◆ WHAT IS EXPECTED: Using the listing below, retype exactly the lines starting at the one with "数据显示,2023年公司加权" and ending at the one with "广告语简单而深刻,轻轻松松就", and include both.

◆ INPUT MATERIAL:
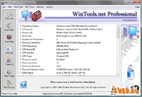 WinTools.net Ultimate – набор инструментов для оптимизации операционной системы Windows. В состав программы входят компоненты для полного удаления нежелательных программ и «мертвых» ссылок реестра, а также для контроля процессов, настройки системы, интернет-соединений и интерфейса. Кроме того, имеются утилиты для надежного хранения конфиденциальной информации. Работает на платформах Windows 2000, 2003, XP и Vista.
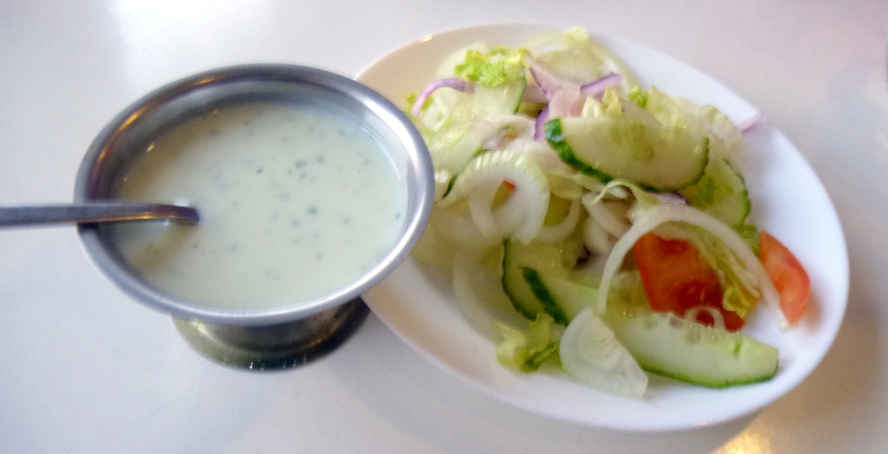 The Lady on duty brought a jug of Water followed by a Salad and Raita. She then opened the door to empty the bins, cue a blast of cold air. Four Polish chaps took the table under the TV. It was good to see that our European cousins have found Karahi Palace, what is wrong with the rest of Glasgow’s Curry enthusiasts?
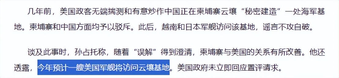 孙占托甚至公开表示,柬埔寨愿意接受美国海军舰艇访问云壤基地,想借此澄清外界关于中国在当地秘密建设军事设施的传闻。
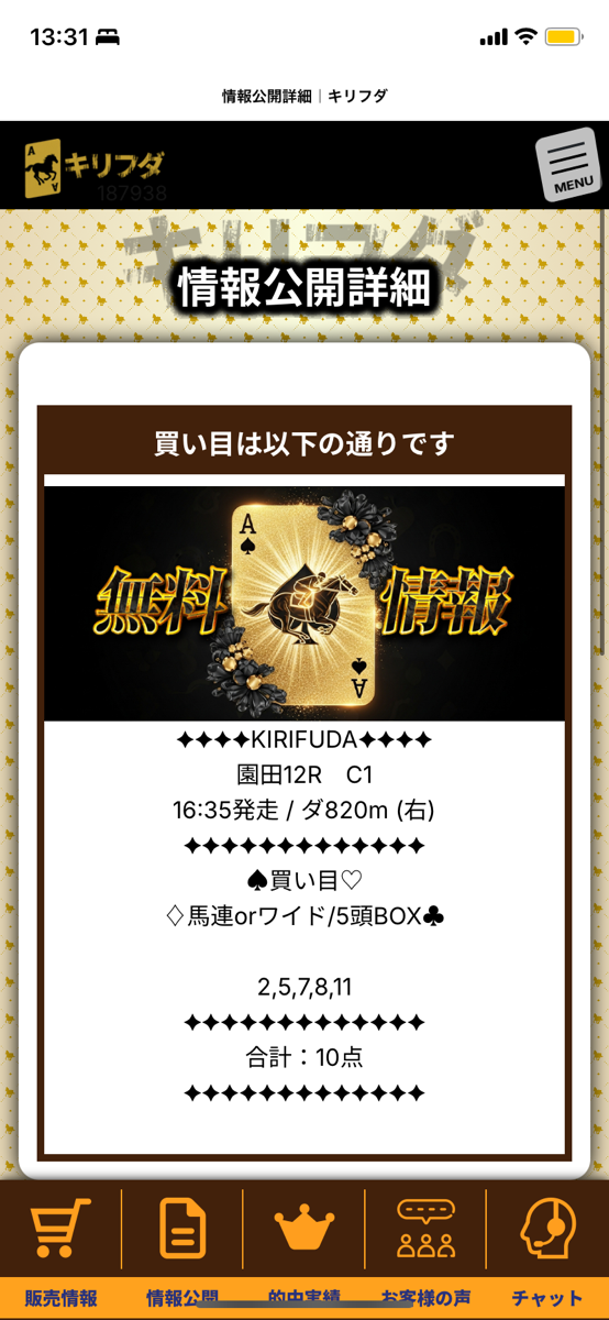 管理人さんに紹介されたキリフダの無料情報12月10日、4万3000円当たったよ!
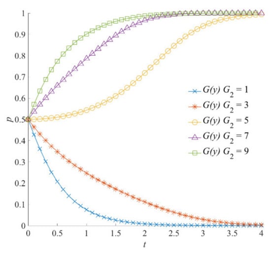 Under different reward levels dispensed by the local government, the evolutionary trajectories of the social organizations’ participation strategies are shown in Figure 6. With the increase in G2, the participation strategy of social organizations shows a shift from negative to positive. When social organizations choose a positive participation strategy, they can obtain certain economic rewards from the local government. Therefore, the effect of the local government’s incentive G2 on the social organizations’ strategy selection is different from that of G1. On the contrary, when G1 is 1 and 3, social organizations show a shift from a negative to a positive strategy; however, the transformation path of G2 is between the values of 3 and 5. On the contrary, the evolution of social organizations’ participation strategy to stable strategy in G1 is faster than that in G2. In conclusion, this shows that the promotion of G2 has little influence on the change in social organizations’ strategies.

---

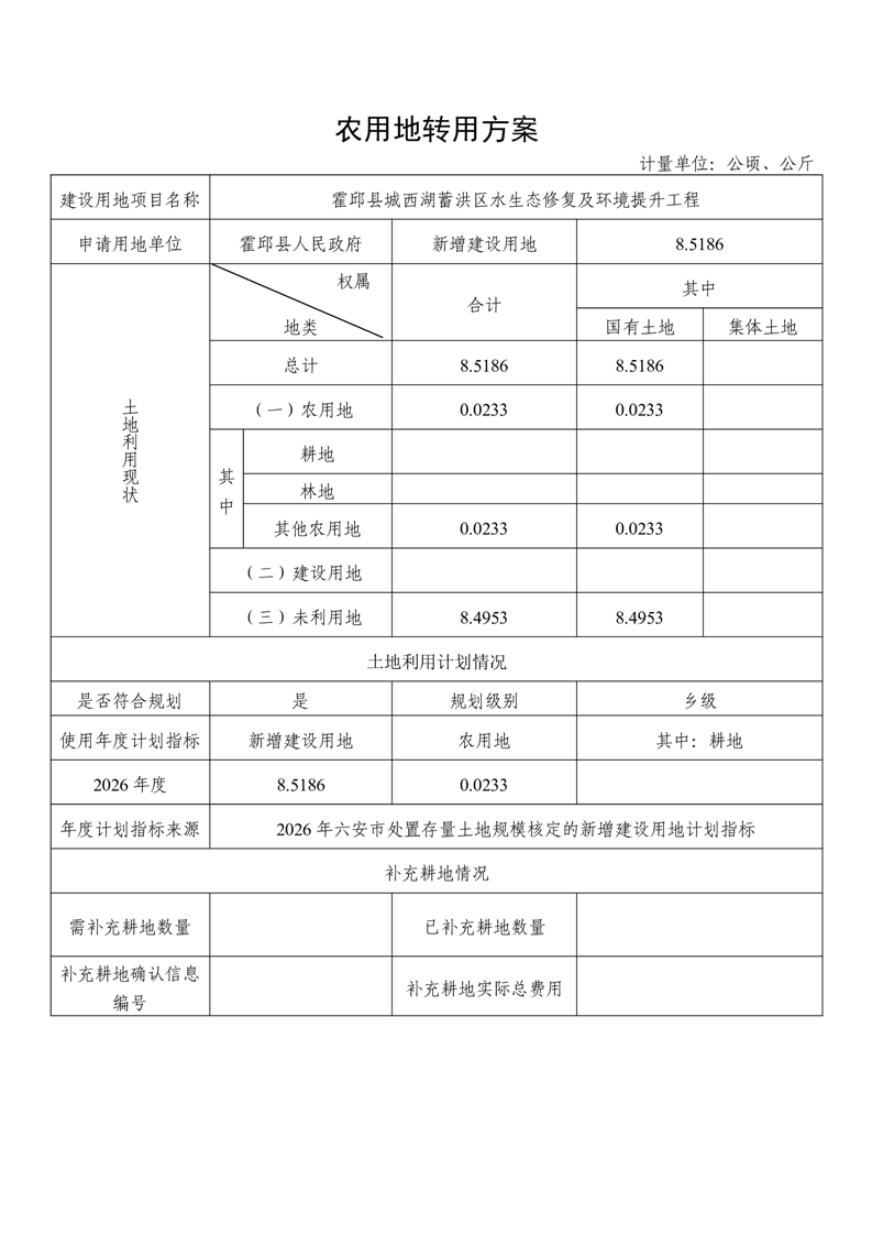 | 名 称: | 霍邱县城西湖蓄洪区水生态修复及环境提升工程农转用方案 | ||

==

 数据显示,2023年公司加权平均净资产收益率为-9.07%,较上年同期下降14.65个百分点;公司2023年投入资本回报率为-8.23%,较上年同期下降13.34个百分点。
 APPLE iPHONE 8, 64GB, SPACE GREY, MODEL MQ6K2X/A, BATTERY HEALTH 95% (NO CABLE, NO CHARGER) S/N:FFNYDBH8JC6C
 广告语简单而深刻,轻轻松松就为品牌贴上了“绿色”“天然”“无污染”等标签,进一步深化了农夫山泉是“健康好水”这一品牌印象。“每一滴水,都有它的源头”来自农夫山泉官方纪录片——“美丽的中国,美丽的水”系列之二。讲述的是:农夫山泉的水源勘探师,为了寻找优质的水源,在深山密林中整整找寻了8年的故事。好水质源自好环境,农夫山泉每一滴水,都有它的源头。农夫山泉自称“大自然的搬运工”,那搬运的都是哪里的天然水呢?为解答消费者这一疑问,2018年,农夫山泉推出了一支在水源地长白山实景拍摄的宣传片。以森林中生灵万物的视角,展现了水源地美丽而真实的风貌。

◆ RESULT BELOW:
 数据显示,2023年公司加权平均净资产收益率为-9.07%,较上年同期下降14.65个百分点;公司2023年投入资本回报率为-8.23%,较上年同期下降13.34个百分点。
 APPLE iPHONE 8, 64GB, SPACE GREY, MODEL MQ6K2X/A, BATTERY HEALTH 95% (NO CABLE, NO CHARGER) S/N:FFNYDBH8JC6C
 广告语简单而深刻,轻轻松松就为品牌贴上了“绿色”“天然”“无污染”等标签,进一步深化了农夫山泉是“健康好水”这一品牌印象。“每一滴水,都有它的源头”来自农夫山泉官方纪录片——“美丽的中国,美丽的水”系列之二。讲述的是:农夫山泉的水源勘探师,为了寻找优质的水源,在深山密林中整整找寻了8年的故事。好水质源自好环境,农夫山泉每一滴水,都有它的源头。农夫山泉自称“大自然的搬运工”,那搬运的都是哪里的天然水呢?为解答消费者这一疑问,2018年,农夫山泉推出了一支在水源地长白山实景拍摄的宣传片。以森林中生灵万物的视角,展现了水源地美丽而真实的风貌。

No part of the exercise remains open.